0
votes

having an assembly user-space program like this:

_start:
data: db"DATA..........."
    mov eax, 5

result in CPU executing data which will result in a Hardware exception which is supposed to be catch by linux kernal which will result in segmentation fault and terminating the program. My question is how CPU tell kernal about the exception and if there is some details (like division by zero or data execution exception) and how it knows what next instruction to execute when an exception like this happen to deal with the exception (something like kernal hardware exception handler I guess)

2
will result in a Hardware exception - not if that data happens to be a sequence of valid machine instructions (no #UD illegal instruction), and which don't page-fault (no invalid memory operands), or other exceptions. So really it's no different from asking how the kernel handles divide-by-zero, page-fault, or other exceptions (including illegal instruction) - Peter Cordes

2 Answers

3
votes

My question is how CPU tell kernel about the exception ...

... and how it knows what next instruction to execute ...
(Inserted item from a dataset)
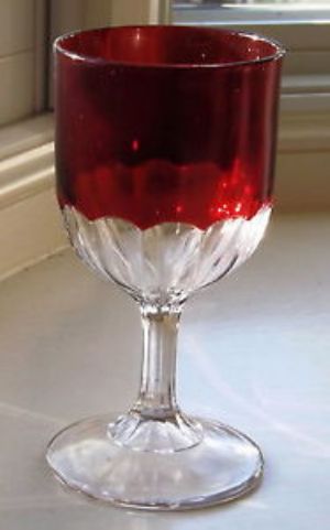 Ruby Stained Goblet, "Plain Miotin, Red Top" McKee c1880

On x86 CPUs, exceptions are interrupts (just like hardware interrupts or interrupts called by the int instruction):

When some exception happens, the CPU will push the address of the instruction and some other information on the kernel's stack and jump to the address specified in the interrupt vector table.
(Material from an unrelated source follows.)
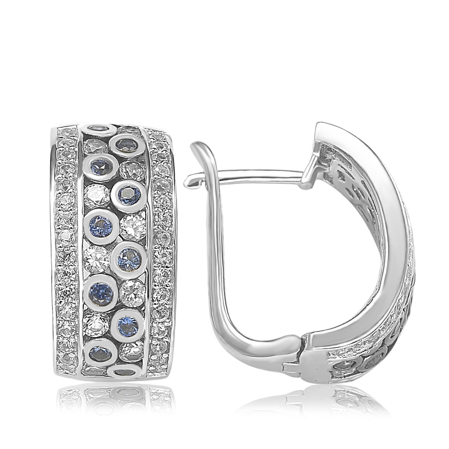 Suzy Levian Blue Sapphire and Diamond in Sterling Silver Earring

The kernel may read the address pushed on the stack to get information about which instruction caused the exception.

... and if there is some details ...

Different types of exceptions call different interrupt vectors:

A "division by zero" will cause a jump to the address specified in the first entry in the interrupt vector table; a "page fault" will cause a jump to the address specified in the 15th entry of that table.

The OS has different "exception handlers" (assembly programs which are called by the hardware in the case of an exception) for different kinds of exceptions. The addresses of these handlers are stored in the interrupt vector table. The CPU will read the address of the handler from that table.

For some exception types (e.g. "general protection fault") the CPU writes additional information to the stack. For other exception types (e.g. "page fault") there are special registers containing additional information.

3
votes

Executing arbitrary data will generally lead to an undefined instruction exception, #UD. (But it could also cause a page fault, GP fault, or some other exception first. And there’s a possibility it could get into a loop with no fault.)

When the CPU detects a fault, it transitions to kernel mode and loads the descriptor from the IDT corresponding to the fault number (descriptor 6 for #UD). It pushes the current SS, RSP, flags, CS, and RIP onto the kernel stack. It starts executing kernel code at the address in the IDT descriptor. The kernel can tell it was #UD instead of some other exception by the address of the handler that begins executing.